What if your house was truly intelligent? And when you wake up in the morning, a cheery-sounding robotic voice asks if it should start brewing you a cup of coffee at six o’clock or whether you rather sleep in. What if your house knew your patterns, realizing what kind of news interests you, what time you need to head to work, and worked to meet those needs?
Or what if you worked from home the next day and had to meet a business contact for a late lunch? From your home office, you could say: “Alexa, book me a reservation for two at a good Thai restaurant within two miles at 2 p.m. today and order me a ride to get there.” And suddenly, with a single sentence, you’ve replaced the need to launch multiple apps.
Voice recognition technology is evolving quickly, putting sci-fi-esque scenarios like these within reach. Science fiction writers have seen this type of future coming for decades—think of HAL in the film 2001: A Space Odyssey or a computer verbally responding to Captain Kirk’s commands in the first season of Star Trek starting in the 1960s.

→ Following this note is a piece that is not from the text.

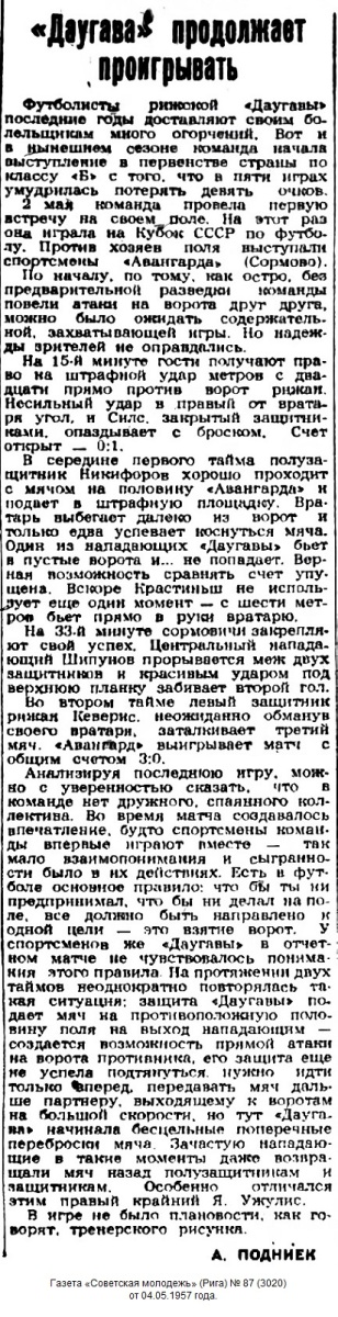 «Даугава» Рига - «Авангард» Горький - 0:3

For voice technology to reach such heights, the current strategy of deploying voice functionality through a central hub must give rise to an ecosystem of networked devices. “The next phase in the evolution of voice recognition is that there will be an entity you can communicate with. You won’t be limited to talking to one particular device,” says Leo Azevedo, director, i.MX applications processors at NXP. “You can control things from wherever you are without using a smartphone. You could tell your refrigerator, your microwave oven—or any one point in your home network—to turn off a light in part of the house and it will work because all of those devices are interconnected.”
Opening Up Alexa and Connecting the Ecosystem
Today, Amazon and the semiconductor firm NXP are taking a step in that direction with their announcement that they are making available the entire commercial Echo experience to third parties. They have opened up the reference design supporting the same far-field speech processing found on the Echo to hardware manufacturers, allowing them to integrate Amazon Alexa into an array of gadgets.

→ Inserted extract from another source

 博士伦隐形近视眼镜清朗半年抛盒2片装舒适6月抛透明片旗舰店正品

Amazon is providing a development kit free-of-charge to manufacturers as part of an invite-only program designed to spur the growth of the Alexa platform and market—representing an extension of earlier efforts that incorporated Alexa functions in devices like the Pebble smartwatch and Raspberry Pi.
The move could help manufacturers, many of whom aren’t familiar with voice technology, to integrate Alexa into their products while preserving the user experience found in the Amazon Echo.

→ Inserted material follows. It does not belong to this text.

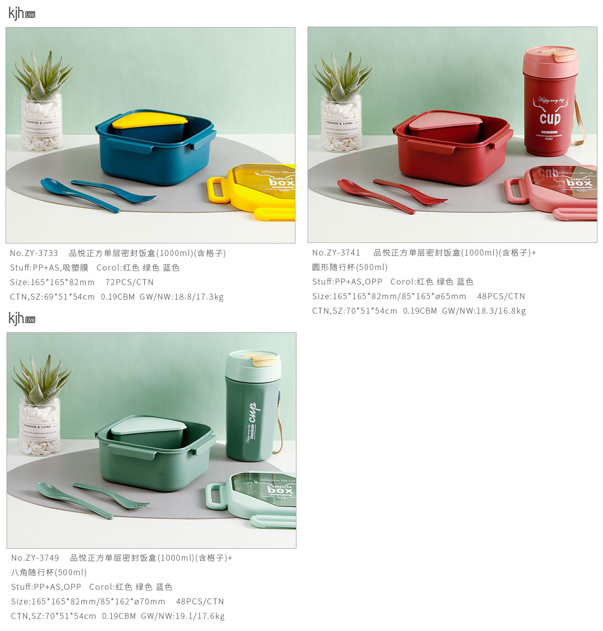 品悅正方單層分格/單層(含格子)密封飯盒+圓形/八角隨行杯

When it comes to designing voice-enabled products, some of the biggest challenges tend to be designing the front end, the microphone array, and capturing voice across the room. “Integrating cloud functionality on the back end was easy, which is why Amazon opened it up to everyone earlier,” Azevedo explains. “But all kinds of people have been trying to make Alexa-certified products, and Amazon was worried that, if end users bought a product and saw Alexa on the box, they would assume that the experience will be just like the Echo.” But if the experience didn’t live up to that, end users wouldn’t know if the problem is with the cloud or the microphone array or the design of the front end.
The new kit is designed to optimize the user experience by working as a sort of blueprint for manufacturers, and it will include the same seven-microphone array found in Amazon Echo. “Since the introduction of Amazon Echo and Echo Dot, device makers have been asking us to provide the technology and tools to enable a far-field Alexa experience for their products,” says Priya Abani, director of Amazon Alexa. “With this new reference solution, developers can design products with the same unique 7-mic circular array, beam-forming technology, and voice processing algorithms that have made Amazon Echo so popular with customers.”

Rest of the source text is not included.